Saturday, Jul 28, 2012
Ajman: Only days after flipping the switch on a new composting machine, overseers of a hotel report they are diverting up to 600 kilograms of organic waste a day away from the local landfill.
Add into the mix new parallel recycling efforts at the hotel that are segregating a further 300 kilograms of paper, plastics and metal waste generated daily at the 400-room hotel and, over the course of the next year, as much as 328,000 kilograms of waste is expected to be diverted from the dump, said hotel management.
“This is a huge amount of waste to be diverted,” Iftikhar Hamdani, general manager, Ramada Hotel and Suites in Ajman, told Gulf News. “All of our organic waste is going into our new composting machine we have installed.”
Hamdani said the efforts, dubbed the Zero Landfill Project, are believed to be the first ever undertaken within the hotel industry in the UAE on this scale and it is hoped that other hotels across the country will follow the lead of Ramada Hotel & Suites Ajman.
“We are pioneers in the UAE; no other hotel has such a thing,” Hamdani said. “We want people to follow us on this.
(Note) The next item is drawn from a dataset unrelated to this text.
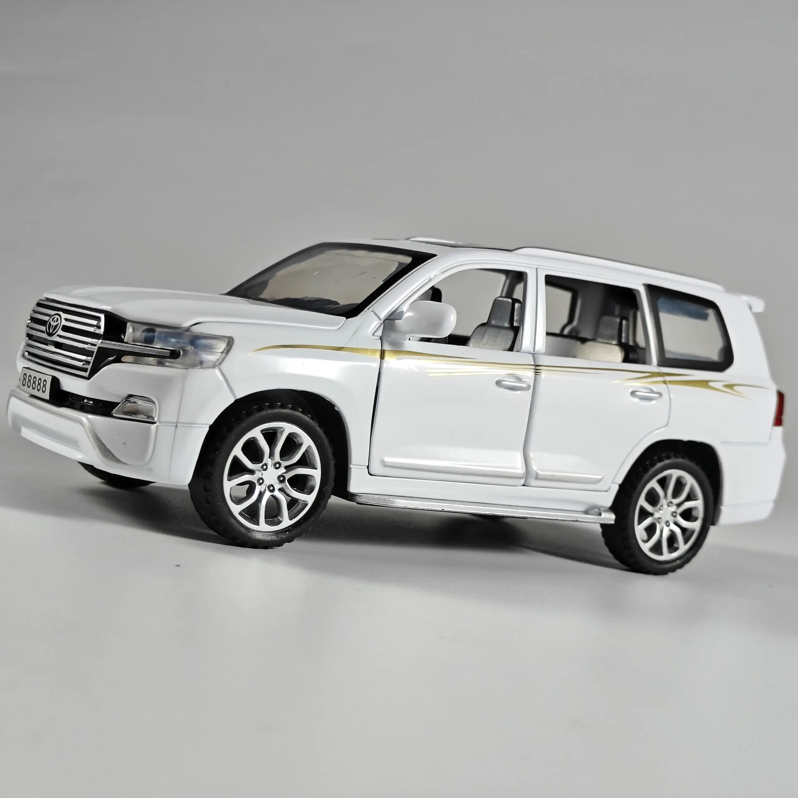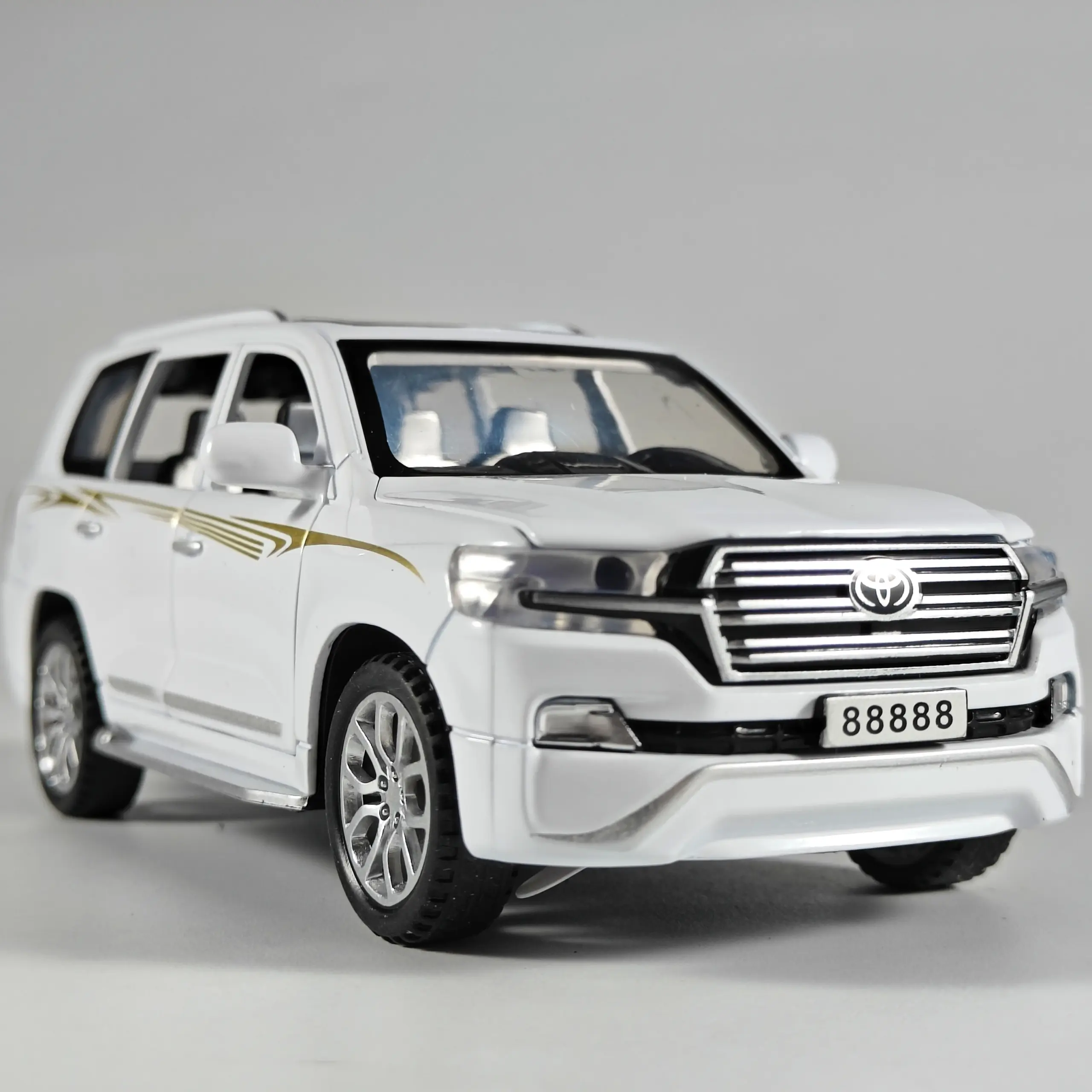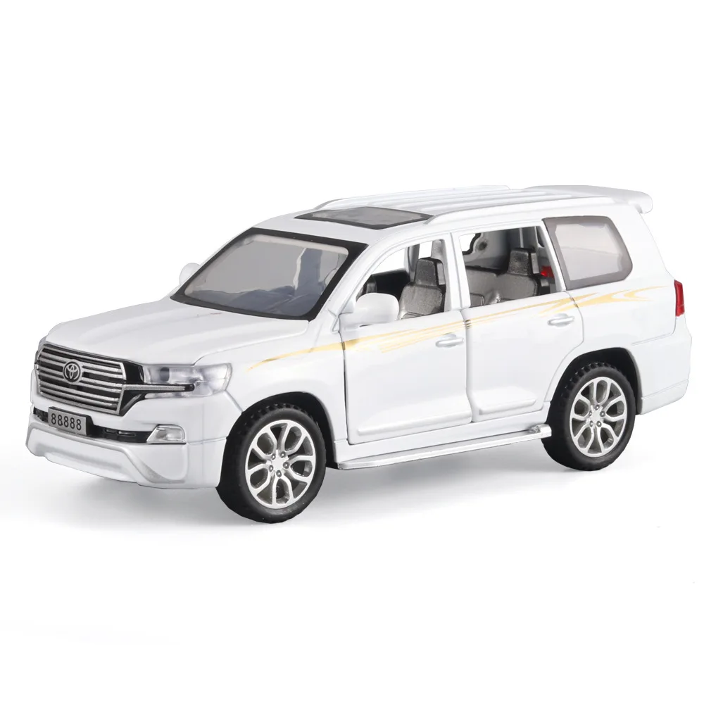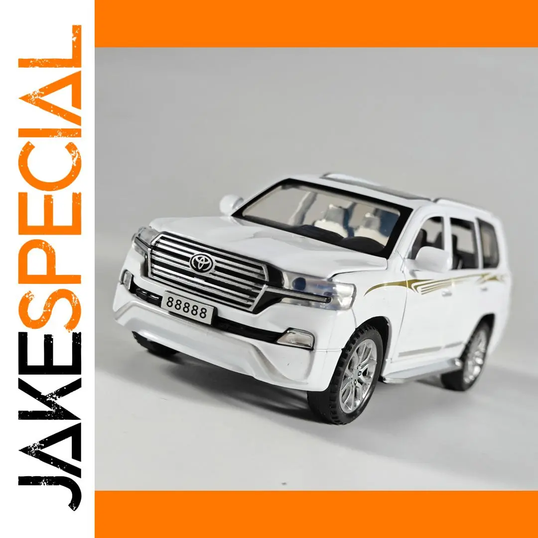 - Constructed from durable diecast metal with a glossy white finish, this detailed model captures the true look of the Toyota Land Cruiser with elegant silver accents and golden stripes.

We are ready to give expertise to any hotel if they want to come and learn how to take these steps.”
Hamdani lauded fellow partners in the Zero Landfill Project who helped make the initiative a reality.
Within the last year, Ramada teamed up with AIMS Environment waste company as well as Green Mountain Waste Management and purchased the new composting machine from Green Good Eco-Tech.
The results demonstrated by the new composting machine are encouraging, Hamdani said.
Every day, up to 600 kilograms of organic waste — mostly from the hotel kitchen — are being fed into the composter and within 24 hours of exposure to a heat process, the waste is reduced to 120 kilograms of new compost materials that can be used to fertilise gardens and green belts.
So far, compost generated is being used on the Ramada grounds in Ajman, recycled back into the earth to provide badly-needed nutrients in a desert environment. Some of the compost is also being provided to the Ajman palace.
“Our compost system is reducing waste to 20 per cent and it can be reused on our grounds so it not only frees up land in the landfill but is being recycled,” Hamdani said.